Updated: Sep 7, 2022

Defensiveness doesn’t work well in relationships. In fact, I often say defensiveness is a relationship killer. Defensiveness makes it impossible to resolve issues. When issues don’t get resolved, they fester and get bigger. Unresolved issues lead to disconnection and distance in relationships. And worse, defensiveness makes people feel like resolution is impossible. It's like banging your head against a brick wall until you realize there's no point in trying anymore. At that point, people start to wonder if they want to stay in the relationship. This process isn’t necessarily fast, but unless you work on being less defensive, it’s inevitable.


Imagine that defensiveness is like putting up a brick wall that nothing can get through. This wall creates distance between you and anyone on the other side of that wall. Also, with a brick wall standing between you, no new information can get to you or to them. It's a place of stuckness and pain.

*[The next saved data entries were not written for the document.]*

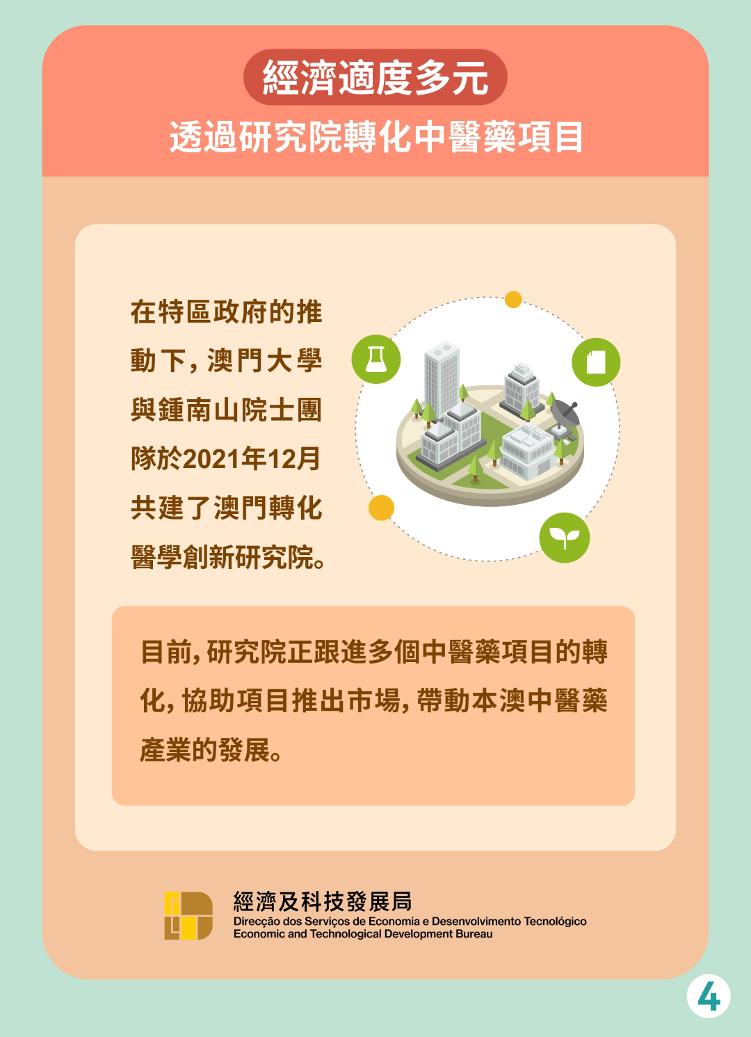 特區政府以中醫藥研發製造為切入點,培育發展大健康產業,粵澳合作中醫藥科技產業園和經濟科技發展局積極推進產業發展,特別為本澳中醫藥製造產業提供相應的支持,以促進本澳經濟適度多元化發展。
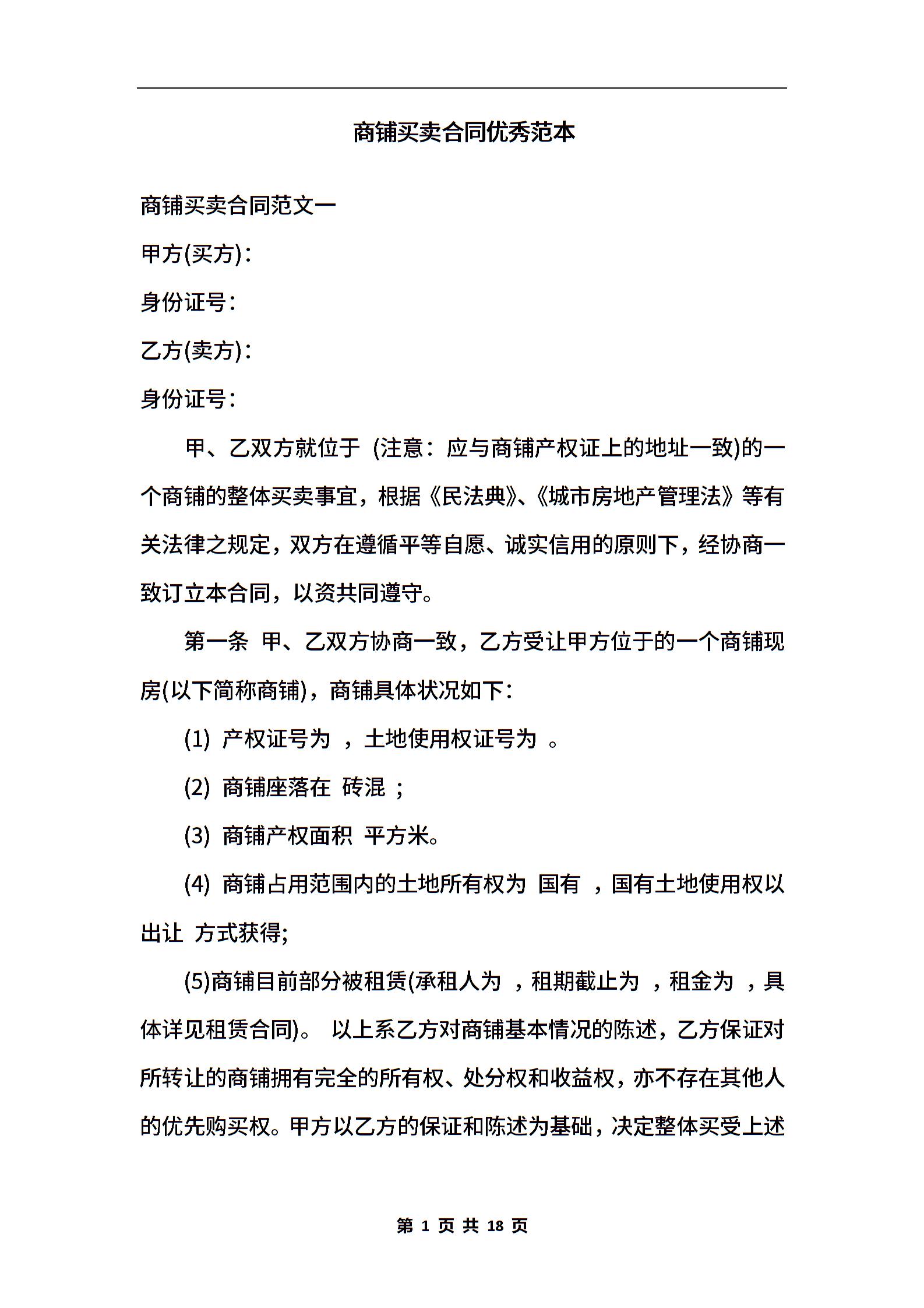 商铺买卖合同优秀范本.docx
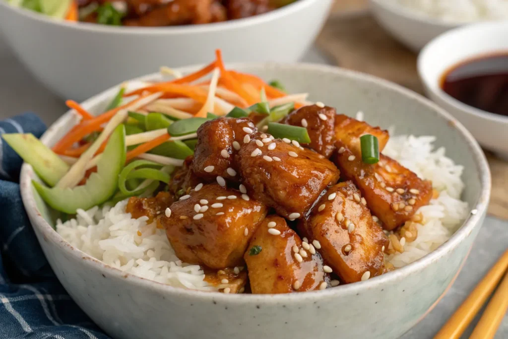 These sticky chicken bowls hit every note: sweet, salty, tangy, and savory. The chicken is tender and juicy, coated in a thick, glossy sauce that clings perfectly to each piece. Paired with fluffy rice and crisp vegetables, the contrast in textures makes every bite exciting and satisfying.
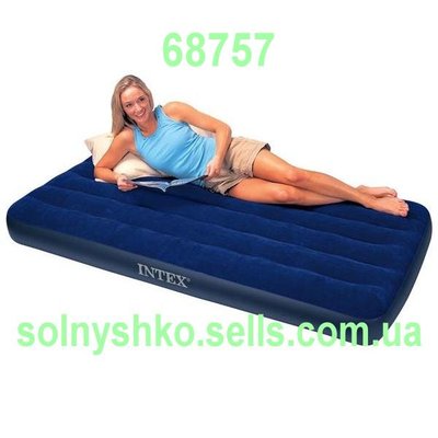Продаем одноместный надувной велюровый матрас 68757, ТМ Intex Royal (Интекс) с шириной 99 см - это комфортное спальное место, Серия матрасов Royal с продольными перегородками предназначена для организации спальных мест дома и отдыха на природе, Верхняя часть матраса покрыта искусственным велюром, нижняя гладкая, легко моется и чистится от загрязнений, Быстрая очистка матраса особенно важна при эксплуатации надувного матраса на природе, Материал ПВХ, из которого изготовлены надувные матрасы, не поглощает влагу и быстро сушится, Специальный клапан позволяет накачивать надувной матрас при помощи электрических и механических насосов, Плюшевая плотная флокированная поверхность делает его удобной для приятного сна и предотвращает соскальзывание постельных принадлежностей, Насос в комплект не входит, Размер: 99х191х22 см Веc: 2, 8 кг Артикул 68757 Доставка по всей Украине: Киев, Харьков, Днепропетровск, Донецк, Львов, Луганск, Полтава, Крым, Черкассы, Чернигов, Ровно, Винница, Житомир, Сумы, Луцк, Одесса, Николаев, Кривой Рог, Кировоград, Тернополь, Ивано-Франковск, Хмельницкий, Запорожье, Черновцы, Херсон, Мариуполь Весь ассортимент товара с окончательными ценами можно посмотреть на сайте интернет магазина Солнышко
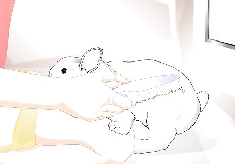 Groom your rabbit. Grooming your rabbit can help strengthen the bond between you and your pet. Not only can brushing help you feel close to your rabbit, it can also prevent issues like fur balls. Brush your rabbit about every 3 days. When your rabbit is shedding, brush him slightly more. You can use a slicker brush, which you can buy at most pet stores, to brush your rabbit. Brush your rabbit going in the direction of his fur. Use slow, gentle motions so your rabbit enjoys the experience.
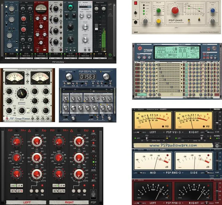 PSP Audioware hat sich einen Namen als eine der angesehensten Quellen für hochwertige Plug-ins und Software gemacht. Mit dem PSP Audioware Signature Plug-in Bundle erhalten Sie alle ihre meistverkauften Plug-ins auf einmal, was Ihnen das perfekte All-in-One-Werkzeug bietet, um Ihre Produktion auf professionelle Ergebnisse zu bringen. Das InfiniStrip Plug-in ist für viele verschiedene Anwendungen nützlich und bietet eine benutzerfreundliche Organisation für Preamps, EQs, Kompressoren und mehr mit viel Vielseitigkeit. Als Kompressor und Limiter zugleich bietet VintageWarmer2 die Art von reichhaltiger und warmer analoger Verarbeitung, die Sweetwater-Ingenieure im Studio verlangen, und das 3-Band-EQ des E27 Plug-ins ermöglicht es Ihnen, Ihren Sound bis zur Perfektion zu formen. Der 2445 EMT und der 608 Multi Delay gehören zusammen und bieten den Klang klassischer digitaler Hallgeräte und endlose Delay-Optionen. Abgerundet wird das Ganze mit stompFilter für zahlreiche Filteroptionen und TripleMeter für eine einfache Audioüberwachung, und Sie erhalten ein vollwertiges Plug-in-Bundle, das darauf ausgelegt ist, das Beste aus Ihren Projekten herauszuholen.
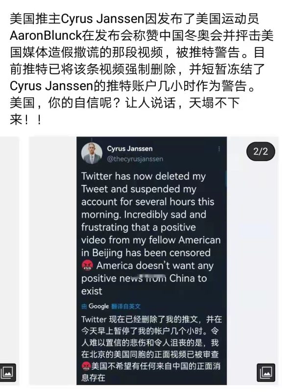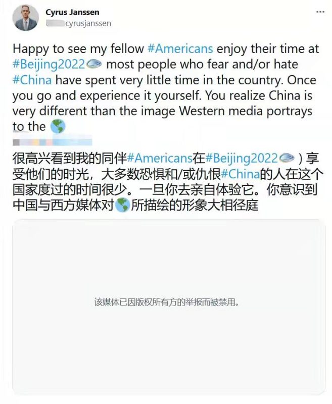 近日,微信群传有人赞美北京冬奥,被推特封号,未知真假。

To help conversations move along toward resolution, you have to lower the brick wall enough to see the other person, and for the other person's information to reach you. That means taking steps to lessen your defensiveness.


The following tips will aid you in lowering your brick wall (aka lessening your defensiveness), so that you move toward resolving issues and getting connected:


  1. Recognize when defensiveness emerges. Imagine a brick wall has gone up.

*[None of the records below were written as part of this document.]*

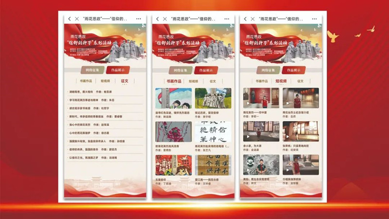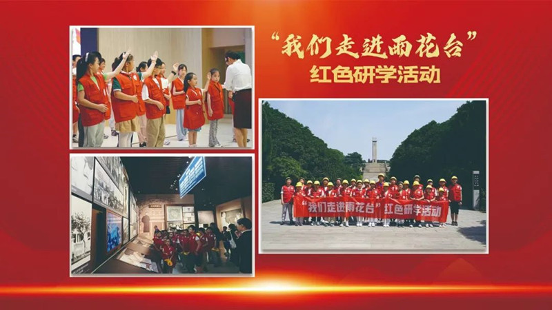 “我们走进雨花台”红色研学活动在暑期带领青少年走进雨花台,开展实地研学,让他们用脚步去丈量信仰的力量;在江苏广电总台荔枝新闻搭建融媒体平台,开设专栏,设立视频、绘画、征文等活动,联动市教育局和雨花台烈士纪念馆共同主办的“强国复兴有我 我是信仰传承人”作品征集活动,组织全市中小学生阅读《雨花英烈家书》《雨花英烈文集》,形成了强大的全媒体传播矩阵。截至目前,已累计收到 1100 余份投稿作品。
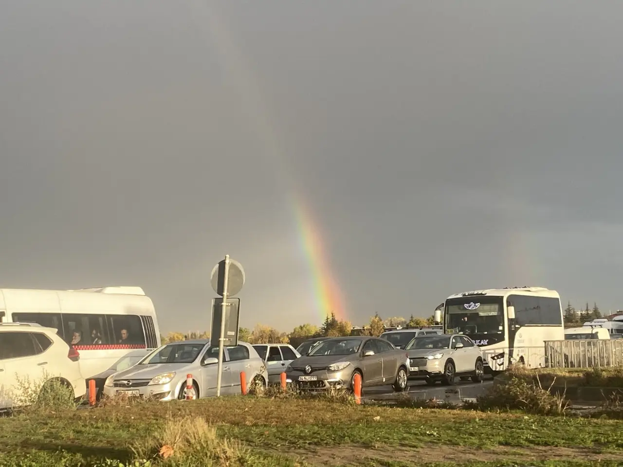 Cep telefonlarıyla anı ölümsüzleştirenler, gökkuşağının kısa sürede kayboluşunu hayranlıkla izledi. Eşsiz manzara, şehir sakinlerine unutulmaz bir akşam yaşattı.
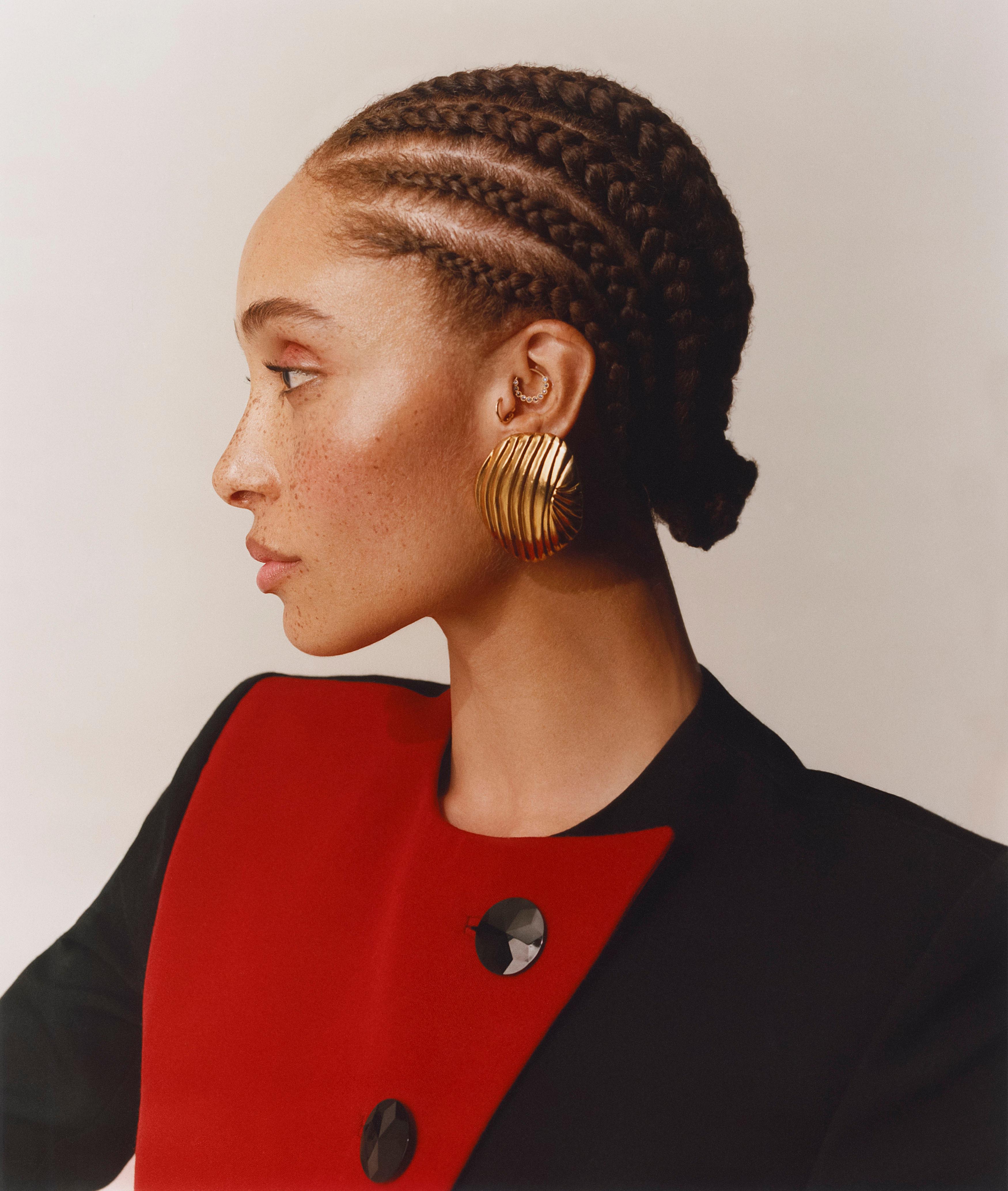 The Veil is Aboah’s first time running a brand, and she’s been required to plunge headfirst into a world of spreadsheets, budgets and meetings with prospective investors. And then there’s the glamorous stuff, too. A couple of weekends ago she hosted a dinner at the Broadwick hotel in Soho with a gaggle of London’s coolest, most stylish women: the actor Yara Shahidi, the stylist Ch’lita Collins, the TikTok presenter Lea Ogunlami. “I actually hate most of those dinners,” she says. “Most people do.” And yet she persisted. “I know what Georgie and I have poured into the Veil, and I know what we want it to be and who we want to wear it. And most of the people there, I just, like, fuck with them on such a major level.” She considers these women to be true originals. “It’s exciting when I spot people who are just doing it in their own way,” she says. “They’re not bothered by the fashion echo chamber.”
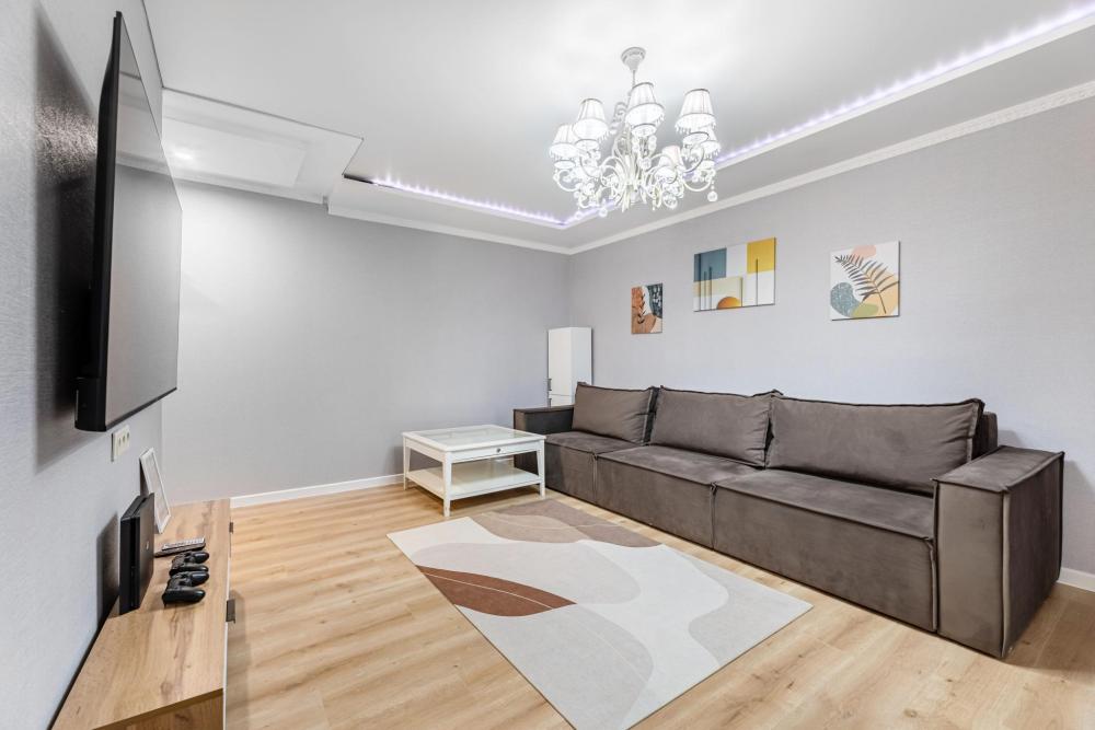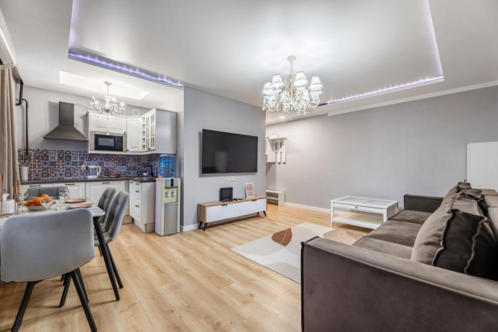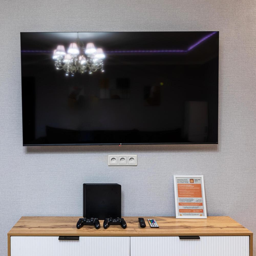 Уютные однокомнатные апартаменты. Квартира оборудована всей необходимой бытовой техникой, двуспальной кроватью, Smart TV. Бесплатно при заселении предоставляется 1 комплект постельного белья, душевые наборы для каждого гостя, а также полотенца. Также для удобства предоставляются: бытовая техника, чайник, телевизор, стиральная машина, посуда, столовые приборы.

  2. Slow down and take a few breaths. Use grounding techniques to soothe your nervous system. This will help lower the brick wall.

  3. Be open to being wrong, and try to find out how your partner’s experience is right and valid, though different. Ask questions if you can’t see it automatically. There’s always a grain of truth to validate, and until you validate some aspect of what your partner is saying, you and your partner will fight. Or, you’ll stuff the unresolved issue down until it gets so big you can’t ignore it any longer.

  4. Apologize. Even if you didn’t mean to hurt your partner, you did, and you can apologize without admitting something that isn’t true. Use empathy to show you understand the injury you’ve caused.

  5. Let it go.


To learn what defensive language sounds like, click here. This is a list of the exact phrases often used when you or others are being defensive.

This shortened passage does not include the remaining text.